#### SOURCE MATERIAL
-- Opening Marker --

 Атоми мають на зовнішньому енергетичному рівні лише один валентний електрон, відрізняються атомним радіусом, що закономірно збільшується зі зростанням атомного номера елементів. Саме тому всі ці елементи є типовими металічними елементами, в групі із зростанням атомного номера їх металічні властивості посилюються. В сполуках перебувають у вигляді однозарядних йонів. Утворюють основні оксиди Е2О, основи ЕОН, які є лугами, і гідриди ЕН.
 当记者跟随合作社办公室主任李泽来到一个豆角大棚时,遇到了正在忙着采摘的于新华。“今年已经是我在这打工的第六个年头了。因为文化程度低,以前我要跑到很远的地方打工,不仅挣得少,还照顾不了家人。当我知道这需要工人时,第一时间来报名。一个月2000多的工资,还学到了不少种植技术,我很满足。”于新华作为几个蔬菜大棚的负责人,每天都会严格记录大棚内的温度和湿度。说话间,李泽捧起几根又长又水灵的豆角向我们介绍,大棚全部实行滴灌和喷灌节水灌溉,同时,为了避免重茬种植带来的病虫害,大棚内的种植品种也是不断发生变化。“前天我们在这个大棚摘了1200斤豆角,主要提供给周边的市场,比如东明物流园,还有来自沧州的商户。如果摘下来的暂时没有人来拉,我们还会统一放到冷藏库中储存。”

-- Closing Marker --
-- Opening Marker --

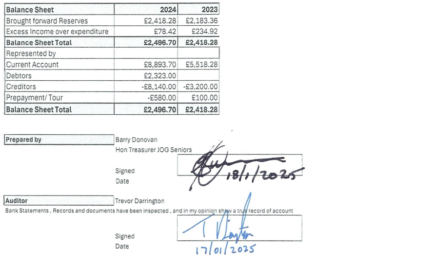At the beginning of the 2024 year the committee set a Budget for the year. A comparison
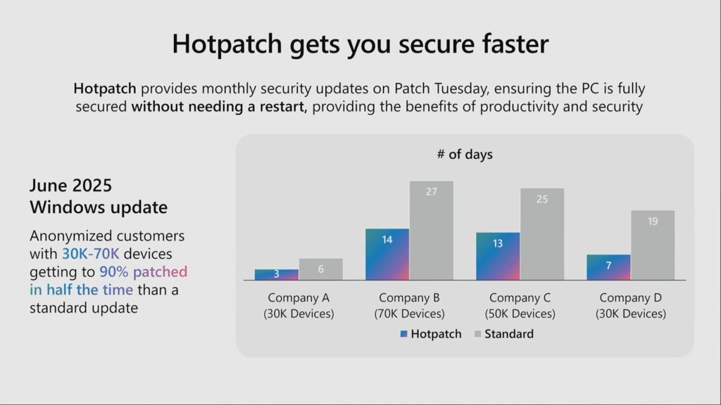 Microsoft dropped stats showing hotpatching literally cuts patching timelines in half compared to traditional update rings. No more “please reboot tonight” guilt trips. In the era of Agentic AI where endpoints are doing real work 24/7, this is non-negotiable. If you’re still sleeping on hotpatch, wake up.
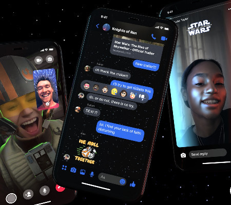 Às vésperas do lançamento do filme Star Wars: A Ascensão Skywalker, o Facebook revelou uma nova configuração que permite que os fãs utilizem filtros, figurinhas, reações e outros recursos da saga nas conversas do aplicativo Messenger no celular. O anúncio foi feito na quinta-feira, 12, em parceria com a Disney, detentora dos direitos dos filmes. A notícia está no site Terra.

-- Closing Marker --
-- Opening Marker --

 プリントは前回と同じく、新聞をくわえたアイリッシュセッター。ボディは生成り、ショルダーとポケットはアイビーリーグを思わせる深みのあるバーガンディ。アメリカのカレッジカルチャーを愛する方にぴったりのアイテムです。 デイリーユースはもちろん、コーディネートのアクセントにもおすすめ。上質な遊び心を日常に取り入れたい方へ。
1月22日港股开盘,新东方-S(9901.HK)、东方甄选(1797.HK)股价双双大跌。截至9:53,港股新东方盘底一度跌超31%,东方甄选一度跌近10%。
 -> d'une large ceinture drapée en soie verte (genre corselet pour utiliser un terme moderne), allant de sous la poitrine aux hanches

-- Closing Marker --

#### ACTIVITY
The lines to extract from the data above begin with the line containing "プリントは前回と同じく、新聞" and end with the line containing "1月22日港股开盘,新东方-S(9901". Extract them exactly, including both.

#### RESPONSE BELOW
 プリントは前回と同じく、新聞をくわえたアイリッシュセッター。ボディは生成り、ショルダーとポケットはアイビーリーグを思わせる深みのあるバーガンディ。アメリカのカレッジカルチャーを愛する方にぴったりのアイテムです。 デイリーユースはもちろん、コーディネートのアクセントにもおすすめ。上質な遊び心を日常に取り入れたい方へ。
1月22日港股开盘,新东方-S(9901.HK)、东方甄选(1797.HK)股价双双大跌。截至9:53,港股新东方盘底一度跌超31%,东方甄选一度跌近10%。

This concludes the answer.